[Start of Attachment]
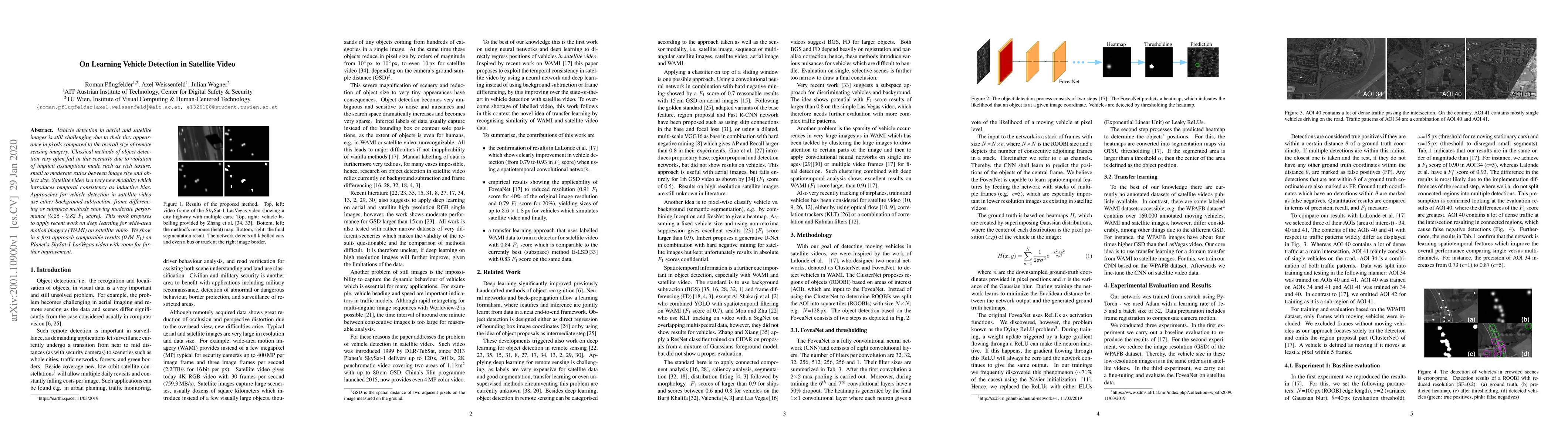 Vehicle detection in aerial and satellite images is still challenging due to their tiny appearance in pixels compared to the overall size of remote sensing imagery. Classical methods of object detection very often fail in this scenario due to violation of implicit assumptions made such as rich texture, small to moderate ratios between image size and object size. Satellite video is a very new modality which introduces temporal consistency as inductive bias. Approaches for vehicle detection in satellite video use either background subtraction, frame differencing or subspace methods showing moderate performance (0.26 - 0.82 $F_1$ score). This work proposes to apply recent work on deep learning for wide-area motion imagery (WAMI) on satellite video. We show in a first approach comparable results (0.84 $F_1$) on Planet's SkySat-1 LasVegas video with room for further improvement.
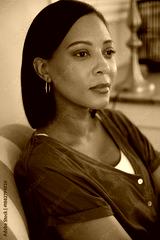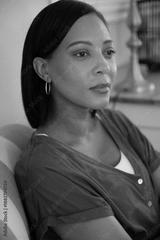 Hispanic woman sitting in armchair at home, gazing at lamp on console by bookshelf
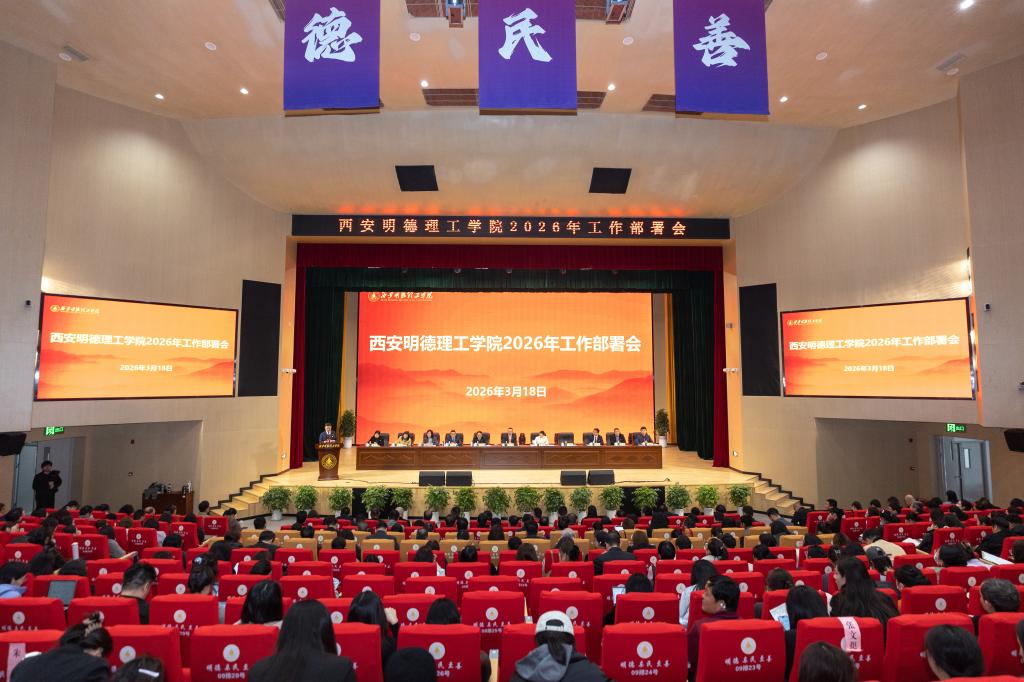 3月18日下午,学校在四季廊桥报告厅召开2026年工作部署会,全面总结2025年工作成效,安排部署2026年重点工作,动员全体师生员工统一思想、坚定信心、锚定目标、真抓实干,以奋进姿态开创“十五五”事业发展新局面,共同书写学校高质量发展新篇章。陕西金叶科教集团董事局主席、总裁,明德源教育集团董事长、总裁,学校董事长袁汉源,陕西金叶科教集团董事局副主席,明德源教育集团常务副总裁,学校副董事长、执行董事张琳,明德...
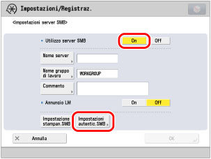 Premere [Impostazioni autentic.SMB] → impostare [Utilizzo autenticazione SMB] su 'On'.
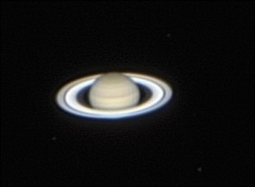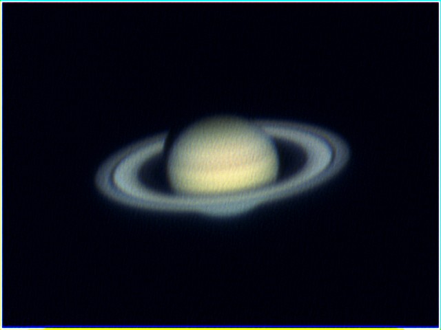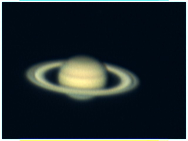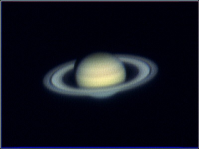 Saturn Aufgenommen mit der Philips Web Cam ToU Cam Pro II, durch das 10" LX200 GPS mit einer 2,5x Barlow, mit einer Brennweite von 6250mm. 2000 Bilder mit Registax aufaddiert.
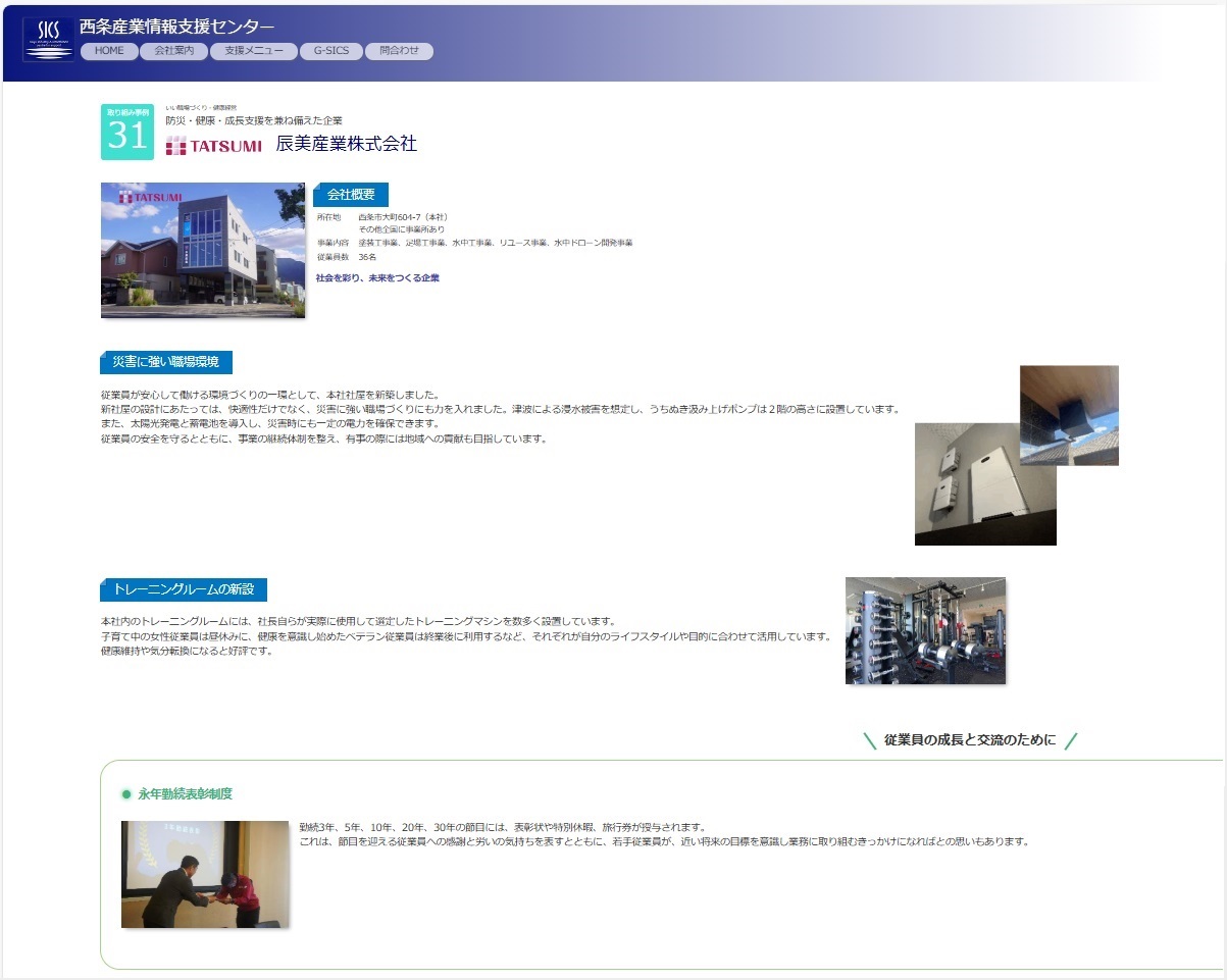 NEWS&TOPICS 2025 11/25 「いい職場づくり事例集」に掲載されました! RECRUITINFORMATION このたび、弊社の取り組みを(株)西条産業情報支援センター(SICS)様に取材頂き、同社のホームページ内「いい職場づくり取り組み事例集」にて掲載されました。今回の記事では、従業員が安心して働ける環境づくりの一環として弊社が取り組んでいる下記の事例について取り上げて頂きました。・耐震等級3の災害に強い構造・停電に備えた太陽光発電・蓄電池・浸水を想定した設備の配置・自社トレーニングルーム・永年勤続表彰制度・懇親会費助成制度・資格取得支援制度・オンライン朝礼・終礼・社内報による情報共有・人間ドック受診の会社負担特に、トレーニングルームについては、従業員がスキマ時間に運動できる環境を整えることで、健康増進はもちろん、気分転換や社内コミュニケーションの活性化にもつなげています。弊社は「従業員の命と健康を守ること」を大切な経営方針の一つとして、働く環境や制度の整備を進めてまいりました。今回、SICS様にその点へご関心をお寄せいただき、取り組み事例としてご紹介いただけたことを大変光栄に存じます。SICS様、このたびはご取材・ご掲載を賜り、誠にありがとうございました。今後も、従業員がいきいきと安心して働ける職場づくりを推進し、地域・社会に貢献できる企業を目指してまいります。■掲載ページ(SICS様HP)いい職場づくり取り組み事例集 | 辰美産業(外部サイト) SICS様、西条市様、この度は取材して頂き、誠にありがとうございました! 一覧に戻る
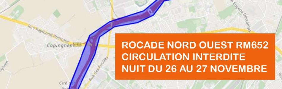 Au cours de la période comprise entre le 26/11/2021 et le 27/11/2021, la circulation des véhicules sera interdite de nuit de 23h00 à 08h00 sur la M652G entre les PR 2+000 et PR 2+870 dans le sens Wasquehal vers Englos, sur les communes de Lomme et de Capinghem.
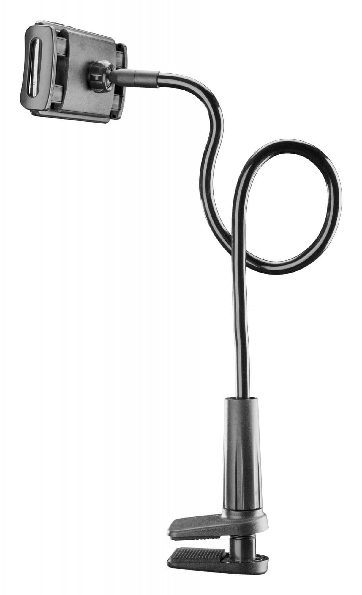 Univerzalno držalo je zasnovano za vse telefone in tablične računalnike širine do 19,5 cm. FLEXI držalo za mobilne telefone in tablične računalnike (FLEXIHOLDERHOMEK) omogoča prilagoditev kota gledanja telefona. Ima poseben ročaj za pritrditev na mizo, zaradi gibljive roke pa lahko napravo prilagodite, kot potrebujete. Vzpostavitev je hitra in enostavna. Celoten opis
[End of Attachment]
- Activity
Would you output the lines above from the line holding "Premere [Impostazioni autentic.SMB]" up to and including the line holding "NEWS&TOPICS 2025 11/25", exactly and only those, with no pictures?

- Solution to the exercise
 Premere [Impostazioni autentic.SMB] → impostare [Utilizzo autenticazione SMB] su 'On'.
 Saturn Aufgenommen mit der Philips Web Cam ToU Cam Pro II, durch das 10" LX200 GPS mit einer 2,5x Barlow, mit einer Brennweite von 6250mm. 2000 Bilder mit Registax aufaddiert.
 NEWS&TOPICS 2025 11/25 「いい職場づくり事例集」に掲載されました! RECRUITINFORMATION このたび、弊社の取り組みを(株)西条産業情報支援センター(SICS)様に取材頂き、同社のホームページ内「いい職場づくり取り組み事例集」にて掲載されました。今回の記事では、従業員が安心して働ける環境づくりの一環として弊社が取り組んでいる下記の事例について取り上げて頂きました。・耐震等級3の災害に強い構造・停電に備えた太陽光発電・蓄電池・浸水を想定した設備の配置・自社トレーニングルーム・永年勤続表彰制度・懇親会費助成制度・資格取得支援制度・オンライン朝礼・終礼・社内報による情報共有・人間ドック受診の会社負担特に、トレーニングルームについては、従業員がスキマ時間に運動できる環境を整えることで、健康増進はもちろん、気分転換や社内コミュニケーションの活性化にもつなげています。弊社は「従業員の命と健康を守ること」を大切な経営方針の一つとして、働く環境や制度の整備を進めてまいりました。今回、SICS様にその点へご関心をお寄せいただき、取り組み事例としてご紹介いただけたことを大変光栄に存じます。SICS様、このたびはご取材・ご掲載を賜り、誠にありがとうございました。今後も、従業員がいきいきと安心して働ける職場づくりを推進し、地域・社会に貢献できる企業を目指してまいります。■掲載ページ(SICS様HP)いい職場づくり取り組み事例集 | 辰美産業(外部サイト) SICS様、西条市様、この度は取材して頂き、誠にありがとうございました! 一覧に戻る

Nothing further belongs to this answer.